● THE TASK:
The records below hold pictures; please leave those out and retype the rest exactly.
BEGIN RECORDS FOR THIS TASK
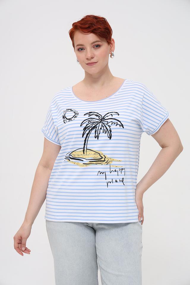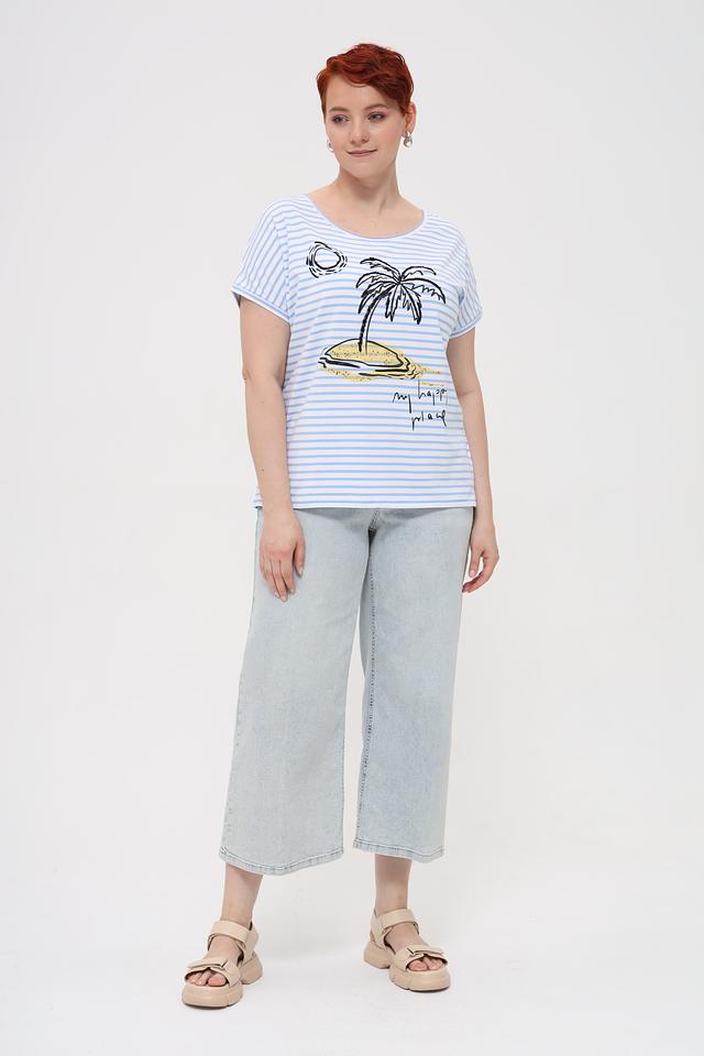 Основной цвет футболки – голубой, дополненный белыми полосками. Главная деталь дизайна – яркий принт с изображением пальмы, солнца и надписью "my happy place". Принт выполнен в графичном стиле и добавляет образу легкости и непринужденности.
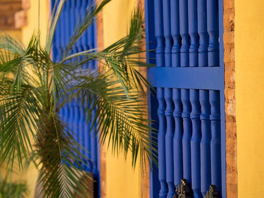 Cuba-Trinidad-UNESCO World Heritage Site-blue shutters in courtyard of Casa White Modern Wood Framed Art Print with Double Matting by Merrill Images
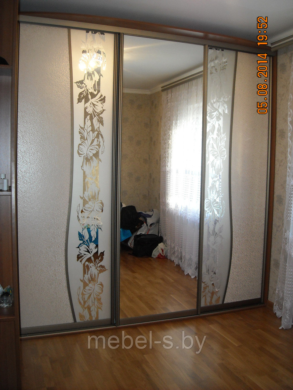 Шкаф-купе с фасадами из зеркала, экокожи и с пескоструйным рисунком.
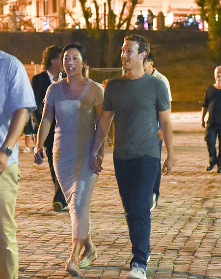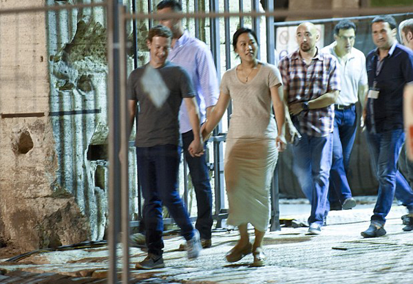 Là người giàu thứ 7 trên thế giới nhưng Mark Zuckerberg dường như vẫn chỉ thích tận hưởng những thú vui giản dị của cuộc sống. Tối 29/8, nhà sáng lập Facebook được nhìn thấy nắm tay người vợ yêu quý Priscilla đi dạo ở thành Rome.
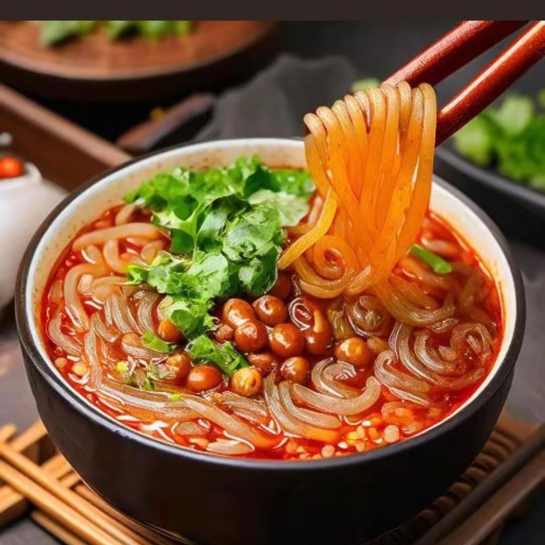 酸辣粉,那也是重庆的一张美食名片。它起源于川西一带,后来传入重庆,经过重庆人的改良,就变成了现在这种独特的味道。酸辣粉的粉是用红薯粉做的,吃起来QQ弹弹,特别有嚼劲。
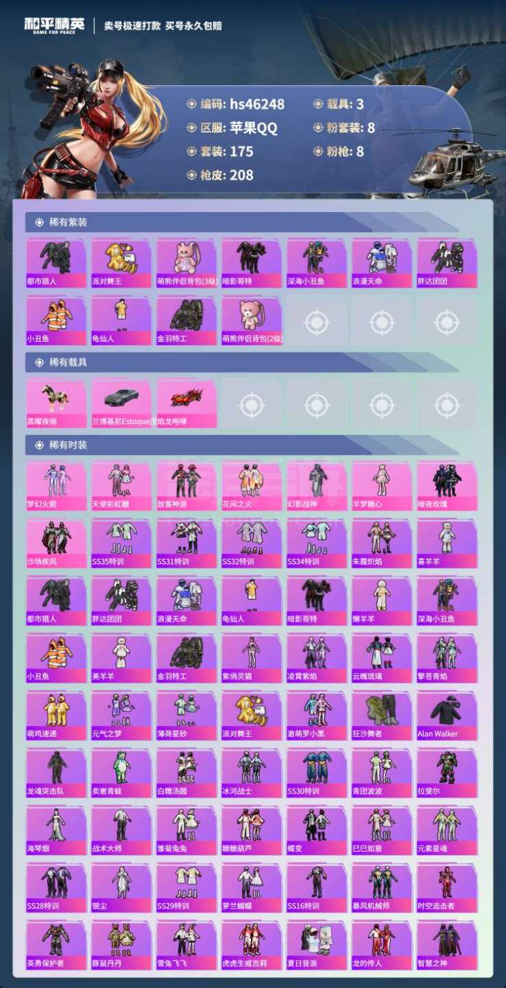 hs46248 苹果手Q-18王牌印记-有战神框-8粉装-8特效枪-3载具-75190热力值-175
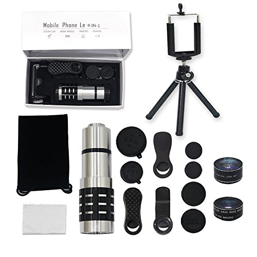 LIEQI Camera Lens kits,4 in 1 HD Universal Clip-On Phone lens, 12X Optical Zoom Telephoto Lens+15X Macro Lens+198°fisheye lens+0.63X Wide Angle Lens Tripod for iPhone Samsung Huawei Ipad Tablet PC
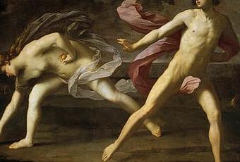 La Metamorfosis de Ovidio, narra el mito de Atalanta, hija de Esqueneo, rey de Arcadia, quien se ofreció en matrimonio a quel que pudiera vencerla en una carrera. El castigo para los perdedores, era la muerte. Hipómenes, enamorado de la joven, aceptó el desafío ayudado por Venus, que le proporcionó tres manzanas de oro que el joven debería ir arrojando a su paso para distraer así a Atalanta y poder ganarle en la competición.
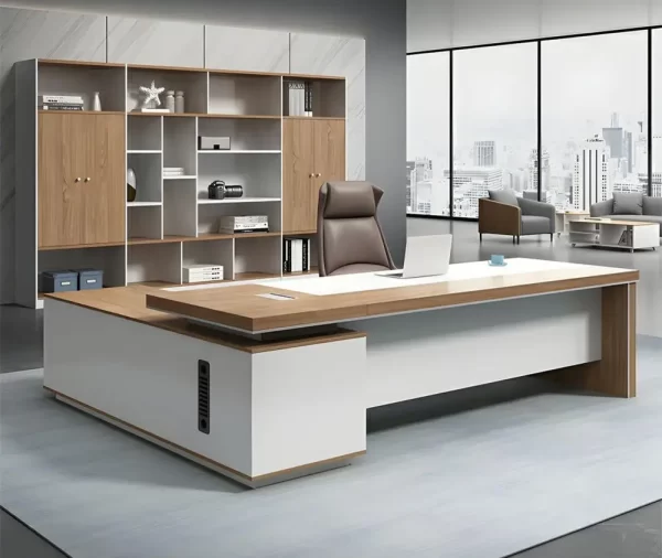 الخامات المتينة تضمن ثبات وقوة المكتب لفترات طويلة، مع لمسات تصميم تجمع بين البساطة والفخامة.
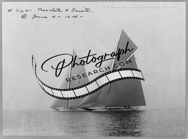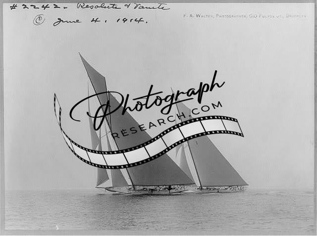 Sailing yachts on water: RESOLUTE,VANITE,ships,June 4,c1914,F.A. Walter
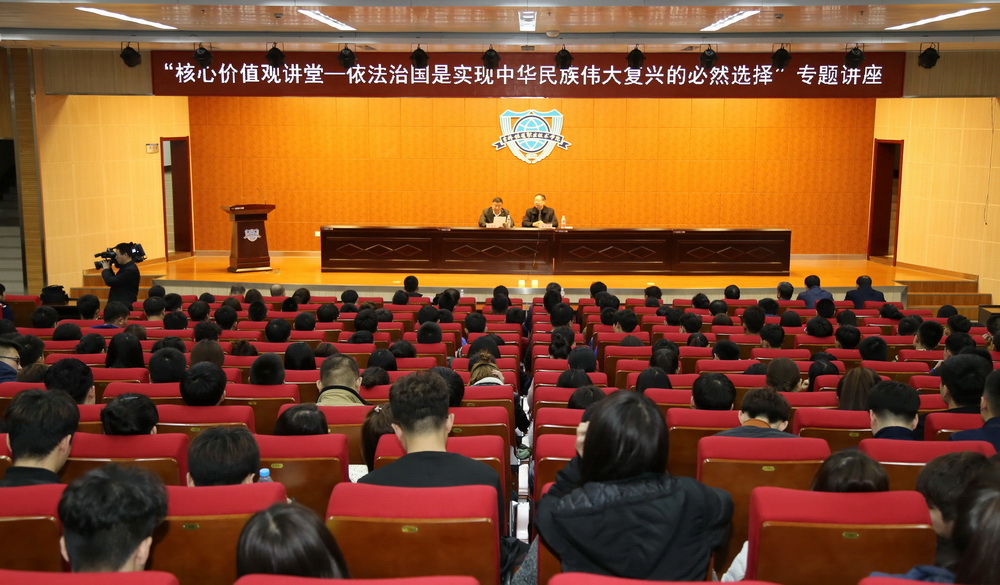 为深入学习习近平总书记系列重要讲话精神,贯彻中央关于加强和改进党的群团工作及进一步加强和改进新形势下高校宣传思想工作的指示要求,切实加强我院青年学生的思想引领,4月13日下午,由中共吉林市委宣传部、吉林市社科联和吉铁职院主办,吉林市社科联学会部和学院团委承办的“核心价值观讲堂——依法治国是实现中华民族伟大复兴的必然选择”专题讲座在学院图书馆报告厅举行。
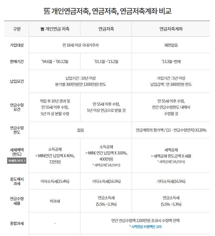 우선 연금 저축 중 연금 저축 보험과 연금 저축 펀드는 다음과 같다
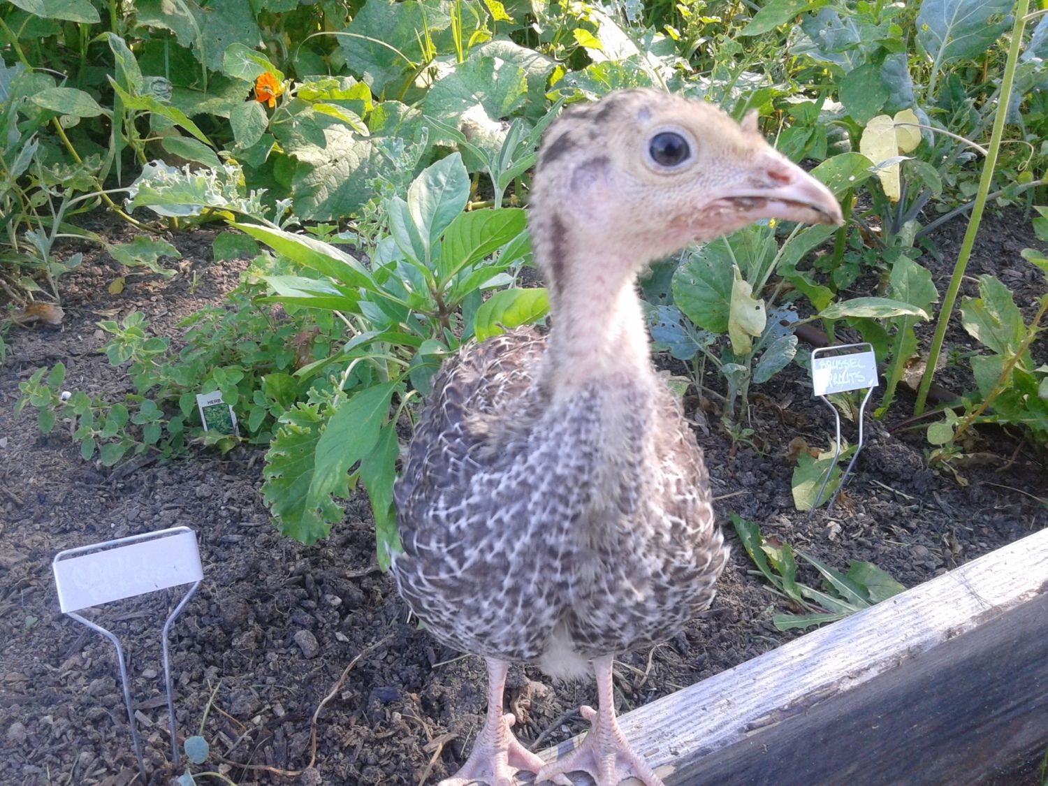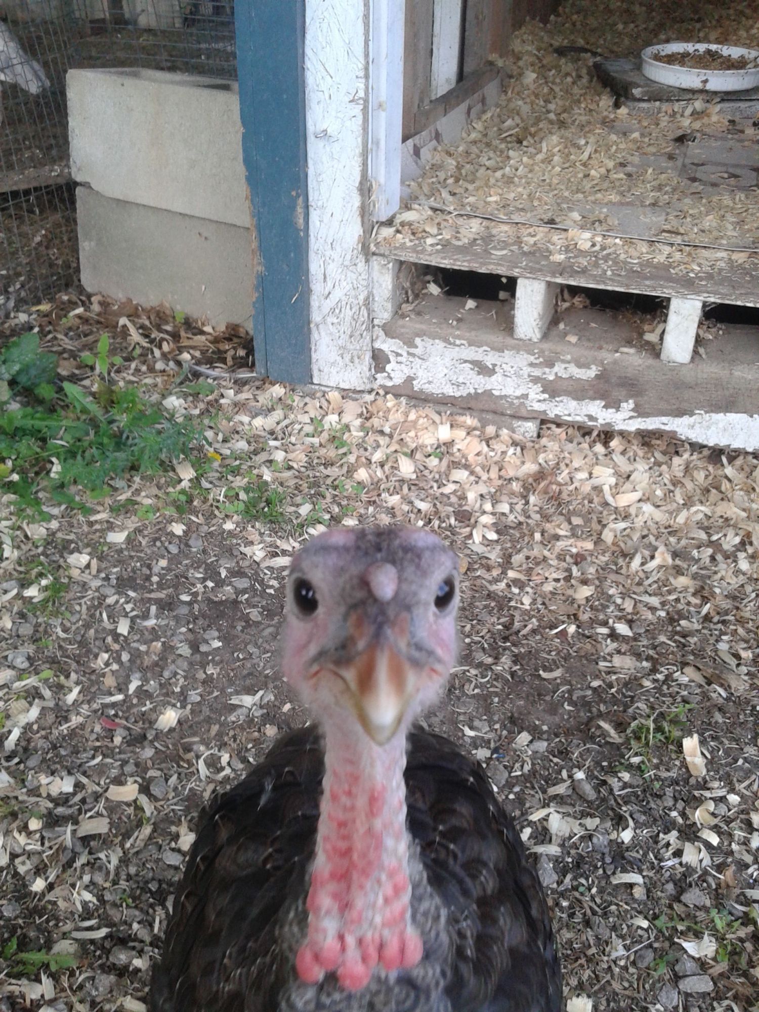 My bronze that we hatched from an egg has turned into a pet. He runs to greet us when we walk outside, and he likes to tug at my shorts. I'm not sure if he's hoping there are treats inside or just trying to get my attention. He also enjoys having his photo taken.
END RECORDS FOR THIS TASK
● RESPONSE AREA:
 Основной цвет футболки – голубой, дополненный белыми полосками. Главная деталь дизайна – яркий принт с изображением пальмы, солнца и надписью "my happy place". Принт выполнен в графичном стиле и добавляет образу легкости и непринужденности.
 Cuba-Trinidad-UNESCO World Heritage Site-blue shutters in courtyard of Casa White Modern Wood Framed Art Print with Double Matting by Merrill Images
 Шкаф-купе с фасадами из зеркала, экокожи и с пескоструйным рисунком.
 Là người giàu thứ 7 trên thế giới nhưng Mark Zuckerberg dường như vẫn chỉ thích tận hưởng những thú vui giản dị của cuộc sống. Tối 29/8, nhà sáng lập Facebook được nhìn thấy nắm tay người vợ yêu quý Priscilla đi dạo ở thành Rome.
 酸辣粉,那也是重庆的一张美食名片。它起源于川西一带,后来传入重庆,经过重庆人的改良,就变成了现在这种独特的味道。酸辣粉的粉是用红薯粉做的,吃起来QQ弹弹,特别有嚼劲。
 hs46248 苹果手Q-18王牌印记-有战神框-8粉装-8特效枪-3载具-75190热力值-175
 LIEQI Camera Lens kits,4 in 1 HD Universal Clip-On Phone lens, 12X Optical Zoom Telephoto Lens+15X Macro Lens+198°fisheye lens+0.63X Wide Angle Lens Tripod for iPhone Samsung Huawei Ipad Tablet PC
 La Metamorfosis de Ovidio, narra el mito de Atalanta, hija de Esqueneo, rey de Arcadia, quien se ofreció en matrimonio a quel que pudiera vencerla en una carrera. El castigo para los perdedores, era la muerte. Hipómenes, enamorado de la joven, aceptó el desafío ayudado por Venus, que le proporcionó tres manzanas de oro que el joven debería ir arrojando a su paso para distraer así a Atalanta y poder ganarle en la competición.
 الخامات المتينة تضمن ثبات وقوة المكتب لفترات طويلة، مع لمسات تصميم تجمع بين البساطة والفخامة.
 Sailing yachts on water: RESOLUTE,VANITE,ships,June 4,c1914,F.A. Walter
 为深入学习习近平总书记系列重要讲话精神,贯彻中央关于加强和改进党的群团工作及进一步加强和改进新形势下高校宣传思想工作的指示要求,切实加强我院青年学生的思想引领,4月13日下午,由中共吉林市委宣传部、吉林市社科联和吉铁职院主办,吉林市社科联学会部和学院团委承办的“核心价值观讲堂——依法治国是实现中华民族伟大复兴的必然选择”专题讲座在学院图书馆报告厅举行。
 우선 연금 저축 중 연금 저축 보험과 연금 저축 펀드는 다음과 같다
 My bronze that we hatched from an egg has turned into a pet. He runs to greet us when we walk outside, and he likes to tug at my shorts. I'm not sure if he's hoping there are treats inside or just trying to get my attention. He also enjoys having his photo taken.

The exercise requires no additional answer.